United Airlines PR Faux Pas


In case you’ve been living under a rock these past couple of days and have somehow missed the United Airlines PR debacle, I’ll quickly run you through the details.

At the start of the week numerous videos went viral, they depicted three burly airport security officers physically dragging a screaming passenger off United Airlines Flight 3411 – leaving him bloodied and bruised… and causing a catastrophic PR nightmare in its wake.

To add insult to injury (quite literally in this case), the violent removal took place because the airline itself had overbooked the flight from Chicago to Louisville, which has certainly played a part in leaving United Airline’s PR team red faced.

3 Ways It Went Wrong for United Airlines

In situations like these it’s often a comedy of errors rather than a one-off mistake that leads to a PR migraine.

First of all, it’s important to know that airlines are allowed, and often, overbook flights to account for no-shows. However, after filling their seats adequately, United Airlines staff were informed that the flight required four seats to transport employees. The crew asked for volunteers to give up their seats in return for £800 and a seat on another flight; (but let’s be real, after the hassle of arriving early, checking-in, getting your luggage checked, going through security and then boarding – are you really going to give up your seat?).

While this might seem like a fair deal, it was in fact their first PR faux pas, never make a customer feel inferior to another person – and never-ever-ever-ever make your customers feel inferior to your staff. This is probably the worst public relations blunder a company can make. They’re paying for a service, but also an experience, and that shouldn’t include being belittled and battered.

My next question for the United Airlines PR team: why did your staff wait until everyone had boarded the flight before asking for volunteers to leave?

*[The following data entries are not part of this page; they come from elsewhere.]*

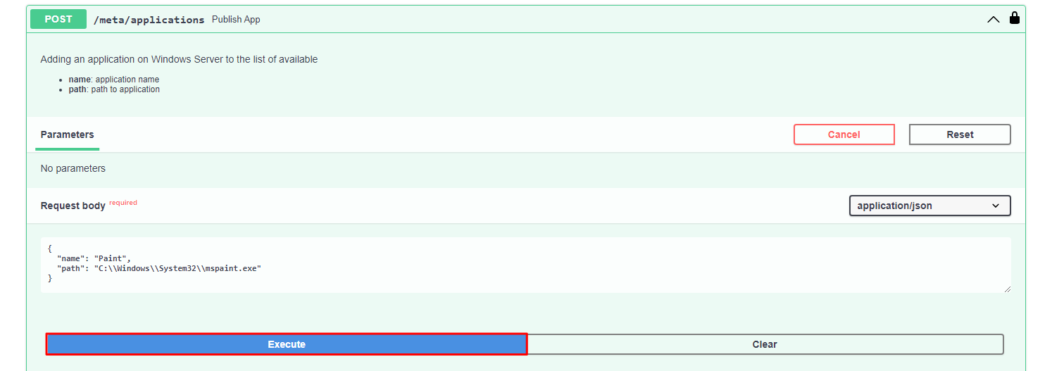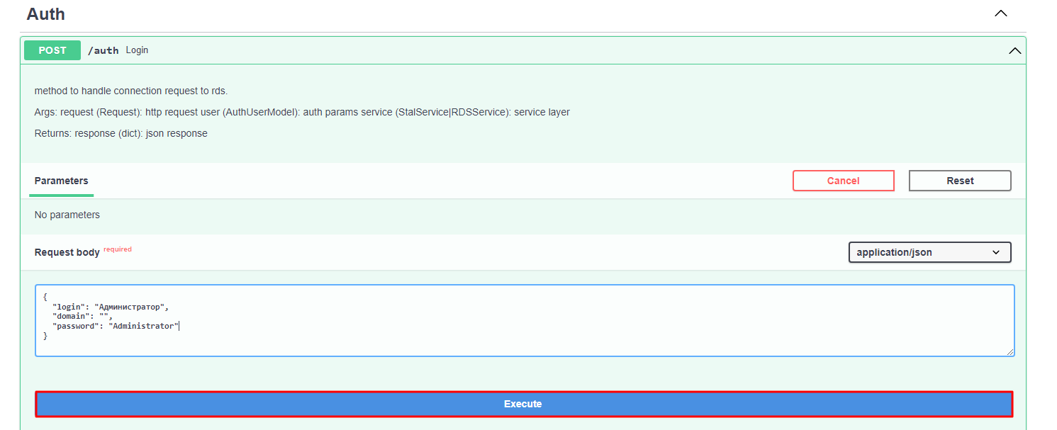При этом поле «Request body» станет доступно для редактирования. После заполнения параметров авторизации нажать экранную кнопку [Execute] для выполнения POST-запроса.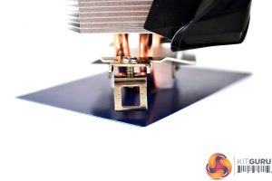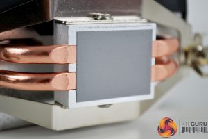 With the thermal compound coating removed, we can see that the two heat pipes run across the centre of the base plate, they have a smooth machined finished and are mounted in a pretty crude looking, but functional aluminium block.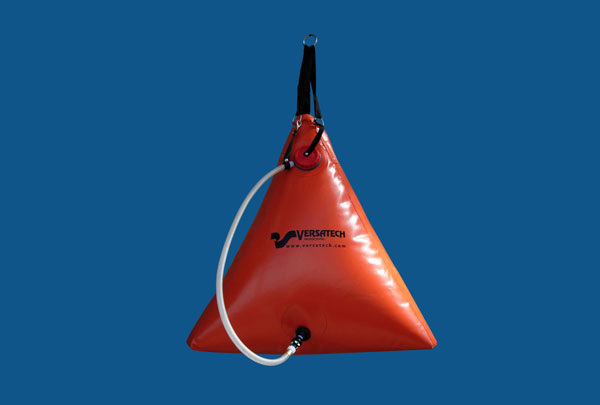 Air Transport Tanks can be carried by helicopters to transport liquids to remote areas. When empty, the unit collapses vertically to a fraction of its filled size. Each tank has a total of three polyester webbing lifting straps attached to an appropriate screw pin shackle(s) with swivel, for a single lifting point.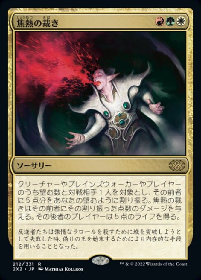 | Rules | Fiery Justice deals 5 damage divided as you choose among any number of targets. Target opponent gains 5 life. |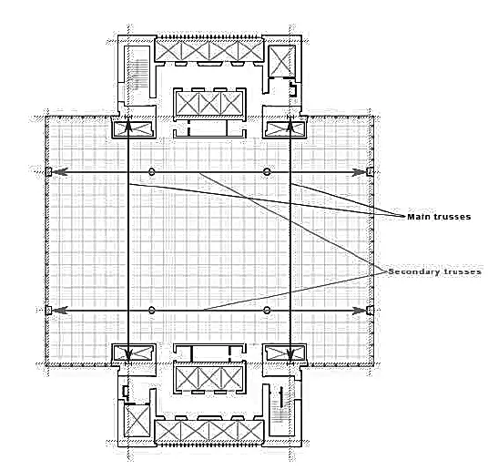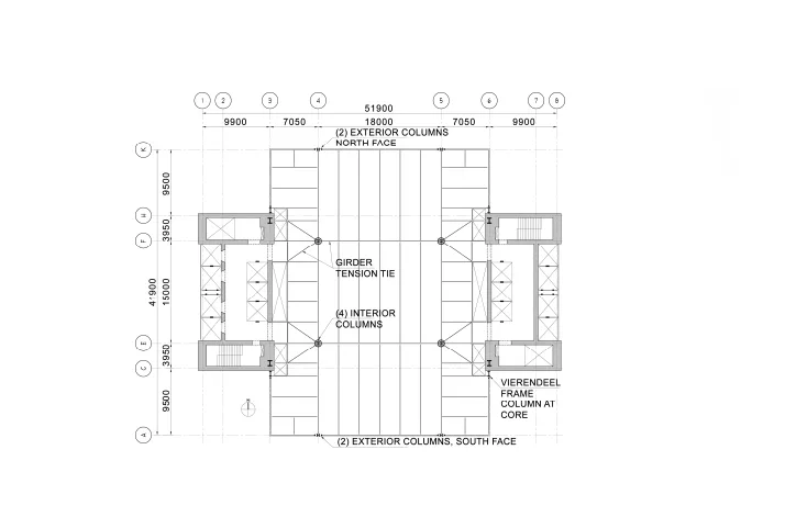 Every 11 floors all the forces brought by the columns are shored to the two lateral cores by means of two 2-story height steel trusses. These two trusses are complimented by two additional Vierendel trusses, orthogonal to the main ones, that support the floor plates cantilevering out of the main perimeter of the tower.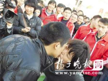當(dāng)天下午,一商家為了推銷新開發(fā)的果汁飲品產(chǎn)品,在宿遷市區(qū)舉辦一場(chǎng)“KISS我最!钡慕游谴筚惢顒(dòng)。大賽規(guī)定,參賽雙方接吻時(shí)必須雙手背在身后,單腿站立,嘴唇吻在一起,誰(shuí)的時(shí)間長(zhǎng)誰(shuí)就是冠軍。獲得冠軍的將當(dāng)場(chǎng)獲得2009元現(xiàn)金,亞軍將獲得1001元現(xiàn)金,季軍也有520元的獎(jiǎng)金。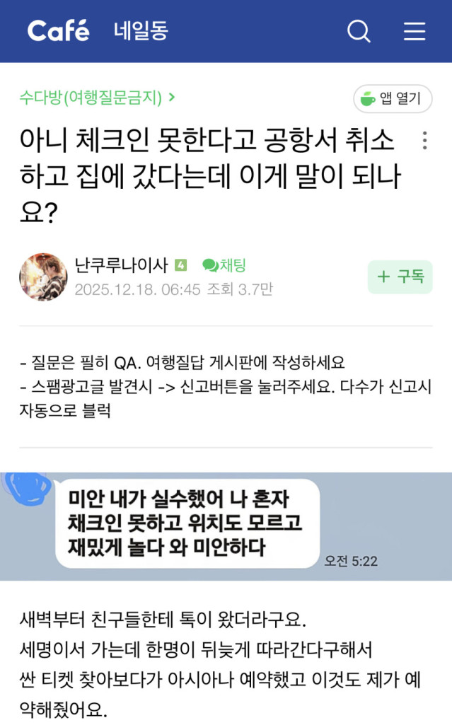 저건 안가고 싶은게 아니라 체크인 못해서 못간거고...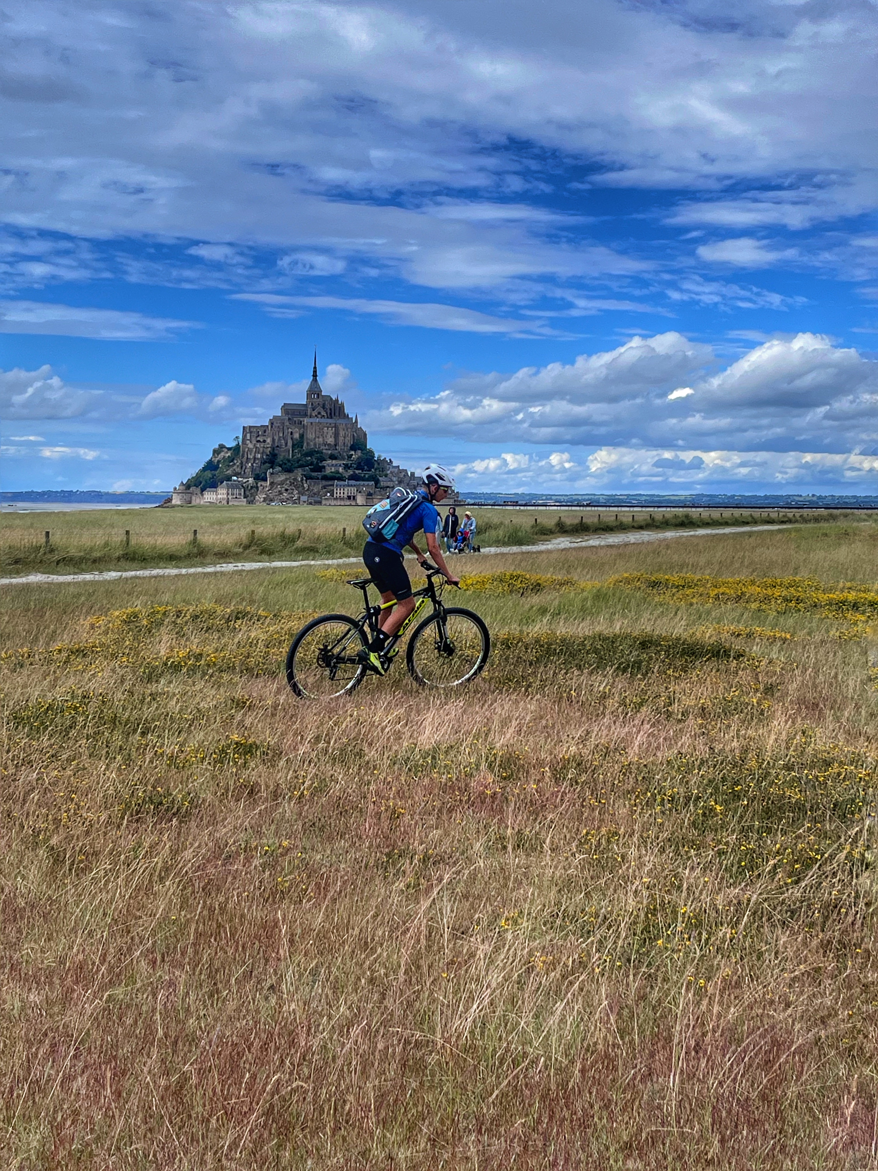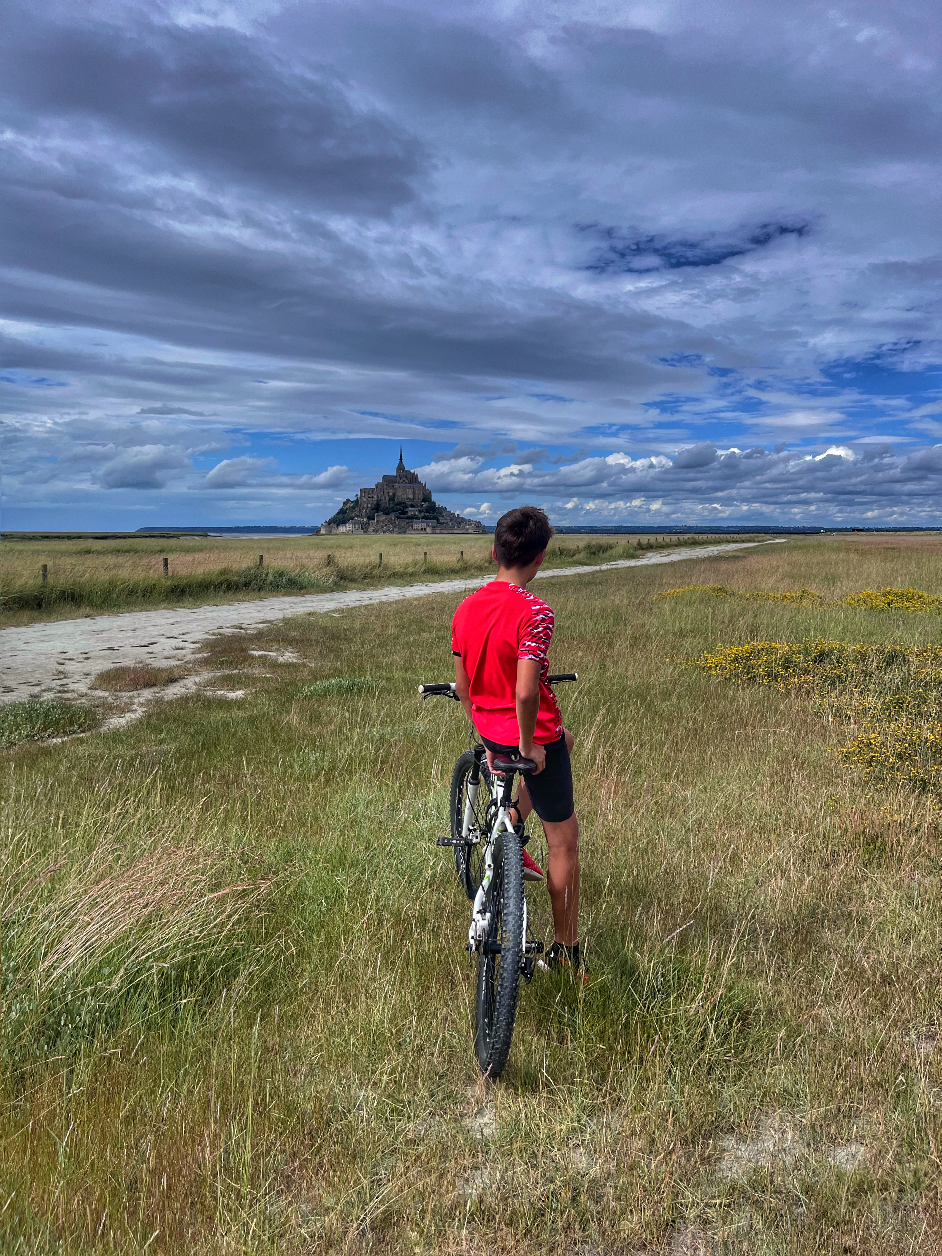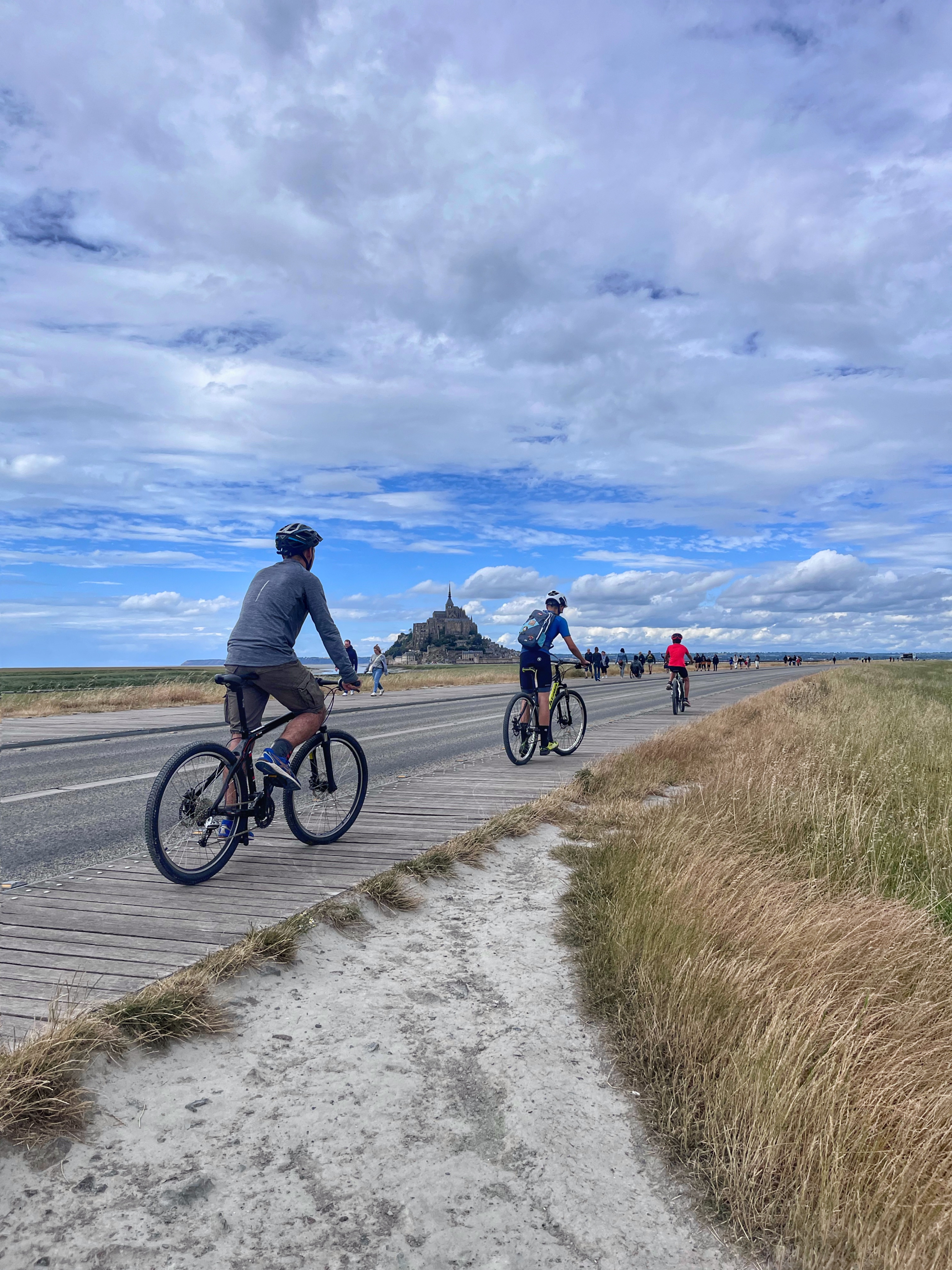 Després de dinar vam preparar les bicis 🚲 per fer l’excursió fins a Le Mont Saint-Michel. Heu de pensar que Le Mont Saint-Michel és un dels llocs més visitats de França 🔝 i és considerat la joia 💎 de Normandia, és per això que si voleu evitar la marea de turistes un bon consell seria visitar-lo com nosaltres, a partir de les 18:00h i així gaudir del màgic capvespre.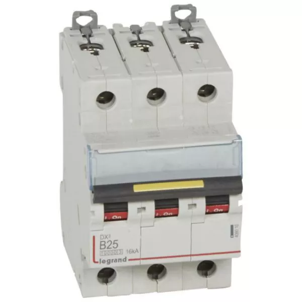 Disjoncteur DX³10000 16kA arrivée haute et départ bas à vis 3P 400V~ - 25A - courbe B - 3 modules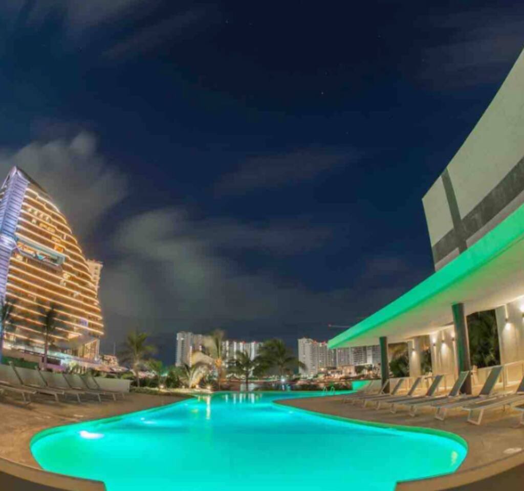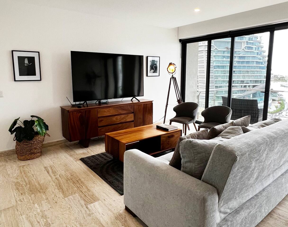 Disfruta de unas hermosas vacaciones con la mejor vista de Puerto Cancun, las amenidades incluyen cafetera, aire acondicionado, hermosas sabanas blancas, toallas para playa, tv internacional, wifi de alta velocidad, agua purificada, los esenciales para la cocina, etc. Condominio: Disfruta de dos albercas climatizadas, acceso directo a la plaza Marina Puerto Cancún. El departamento cuenta con entrada independiente (self check inn), se puede accesar a cualquier hora después de las 3pm. Al entrar se encuentra la cocina equipada con todo lo necesario para cocinar, un amplia zona de sala con sofa, el comedor para 6 personas, una terraza con vista a la piscina, canal, shark tower y los yates en puerto Cancún. La recamara principal tiene una cómoda cama y baño independiente y la recamara secundaria una comoda cama matrimonial. Cuenta con lavadora, wifi de alta velocidad, espectacular balcon con vista a los yates y canal, programación de televisión con canales nacionales, internacionales, deportes, películas y series. Si tienes un invitado extra en tu alojamiento o bien si quieres mayor comodidad podemos agregar las siguientes opciones: -sofá cama individual -colchón Inflable Es importante que esta requerimiento lo hagas previamente para tener todo listo para cuando llegues a tu alojamiento.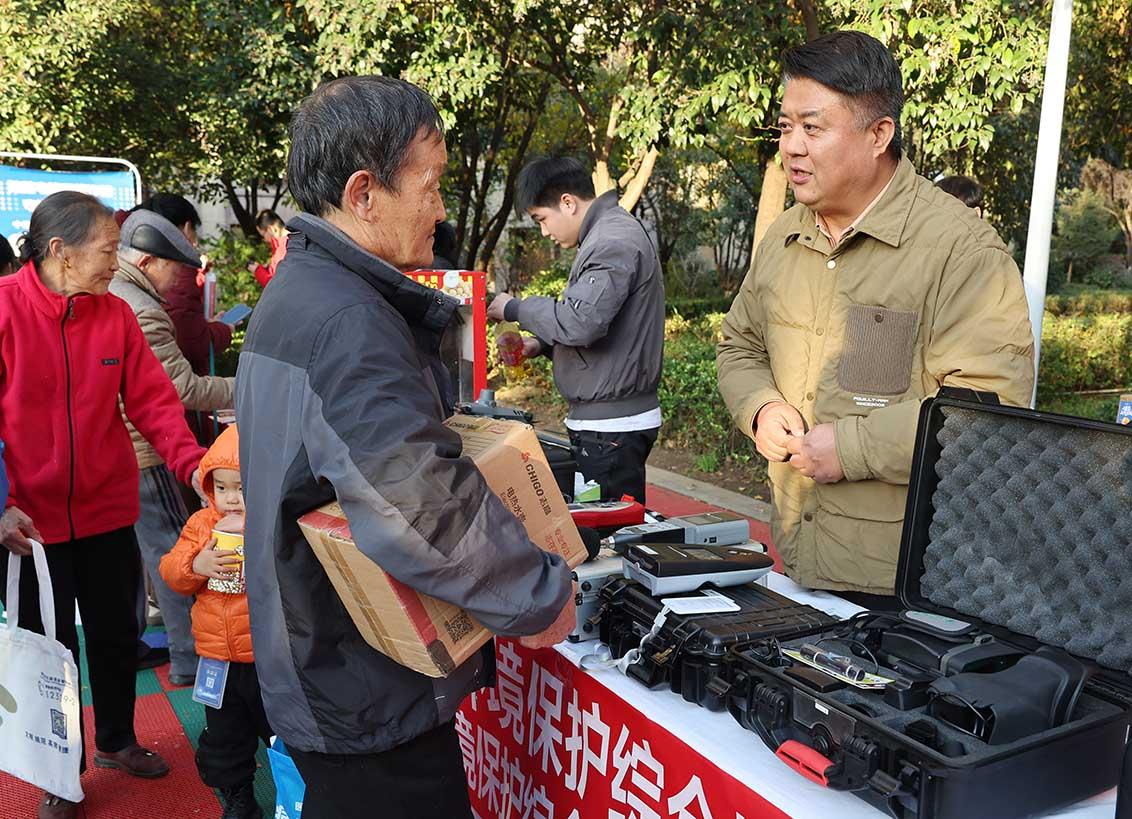 西安市生态环境保护综合执法支队雁塔大队的展位前,几台专业检测设备吸引了不少居民驻足。居民王子健手持仪器查看实时环境数据,“现在的AQI是26,属于优级标准。”西安市生态环境保护综合执法支队雁塔大队副大队长董宝生在一旁介绍,展台上的“有机废气检测设备”能捕捉无色无味的挥发性有机物,“PM2.5/PM10在线监测设备”可现场实时反馈数据。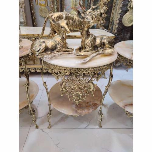 میز خاطره 2 طبقه با تاج طرح گل رز برنجی با سنگ مرمر کد 0a-367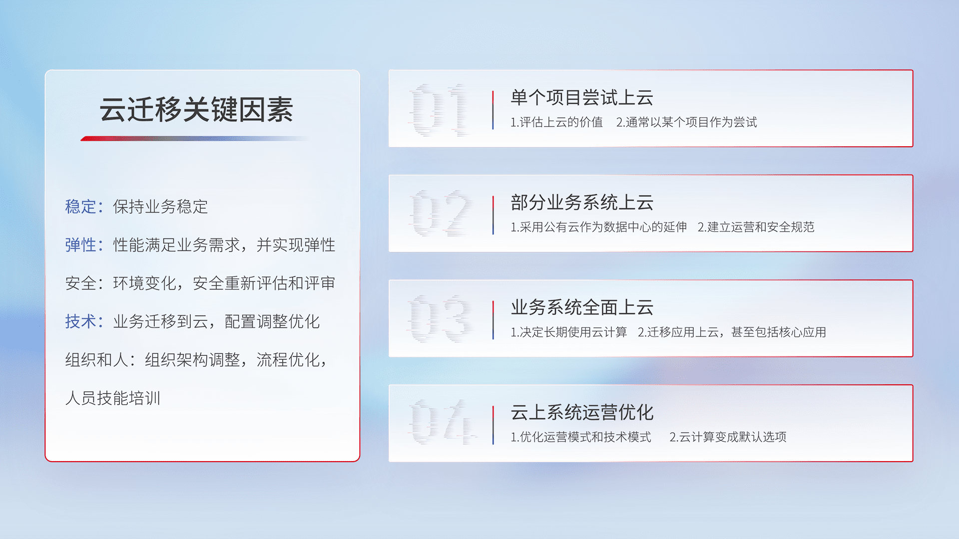 结合实际业务,,,从规划设计、、、云平台选型、、、云原生改造、、、数据迁移、、集成交付,,,,迁移全过程为客户识别最佳上云路径,,,,做好风险识别管理,,设计网络架构、、身份权限、、、安全审计合规、、、操作审计、、、日志审计、、、监控告警策略、、、、多站点容灾设计等,,,,对云上基础设施进行整体规划,,,提升IT治理水平,,以满足弹性、、高可用、、、高性能的需求。。。。

Had this offer been given whilst in the waiting lounge, your chances of willing volunteers would have been much higher… not to mention avoiding the whole heavy-handed debacle.

Obviously, we don’t need to tell their PR team that the use of force was excessive, and that dragging someone along the floor is a plain infringement of human rights. It’s simply never okay; especially when the technological climate means every passenger has a phone in hand to record and distribute any incident instantly. Feels like amateur hour up in here.

How the PR Migraine was Inculcated:

The real problem here is that it’s common practise for United Airlines to overbook their flights. Last year, United forced 3,765 people off of oversold flights and another 62,895 passengers volunteered to give up their seats – presumably in exchange for travel vouchers or money. While the excessive force of this incident may have been isolated, the process isn’t – and it could happen again.

Remarkably, United ranks in the middle of US carriers when it comes to bumping passengers, which is absurd when you look at the numbers. However, the PR team are resolutely defending their staff’s actions, claiming they were ‘just following procedure’ – which leads us to our next question; is it time the procedure is reconsidered?

And it just… gets… worse… Leaked emails from the CEO Oscar Munoz called the passenger in contention ‘disruptive and belligerent’, stating that he ‘emphatically stands behind all of you’ (referring to the United employees).

I can hear the PR team sighing; you don’t have to be in the industry to know that this is a public relations nightmare.

Now, the passenger in question has spoken out (turns out he’s receiving treatment in hospital, yikes), there’s various petitions in China calling for a boycott of United Airlines, and share prices have dropped so badly they’ve taken a near $1bn loss in value – it’s certainly not looking good for the carrier company.

My Advice for United Airlines

While your main service is transportation, to set yourself above competitors you need to also offer an experience.

So, if you’re manhandling customers against their will, embarrassing them in front of crowds and inconveniencing their carefully planned trip; we can safely say that’s not an experience worth paying for. In fact, we’ll guarantee they’ll not only rip your PR team to shreds, but also be blacklisting your company; (we based this on pretty solid evidence from the news right now).